» Brief: Using the entries that follow, transcribe only the lines from the line with "Artery8 Danish Pastel" to the line with "در حالی که ابهامات", both included, exactly as they stand and without pictures.

» The data:
┌──

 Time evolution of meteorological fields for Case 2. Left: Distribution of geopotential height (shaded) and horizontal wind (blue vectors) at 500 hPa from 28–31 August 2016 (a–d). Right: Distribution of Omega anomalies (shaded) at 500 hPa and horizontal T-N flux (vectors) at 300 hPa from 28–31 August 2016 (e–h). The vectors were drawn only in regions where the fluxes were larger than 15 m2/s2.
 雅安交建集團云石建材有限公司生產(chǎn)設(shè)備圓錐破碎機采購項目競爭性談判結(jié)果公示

└──
┌──

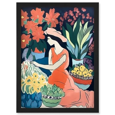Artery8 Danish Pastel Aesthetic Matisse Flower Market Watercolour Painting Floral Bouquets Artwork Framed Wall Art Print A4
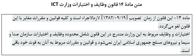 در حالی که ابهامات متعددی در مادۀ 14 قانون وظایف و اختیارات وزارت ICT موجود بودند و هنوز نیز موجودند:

└──

» Answer to this problem:
Artery8 Danish Pastel Aesthetic Matisse Flower Market Watercolour Painting Floral Bouquets Artwork Framed Wall Art Print A4
 در حالی که ابهامات متعددی در مادۀ 14 قانون وظایف و اختیارات وزارت ICT موجود بودند و هنوز نیز موجودند:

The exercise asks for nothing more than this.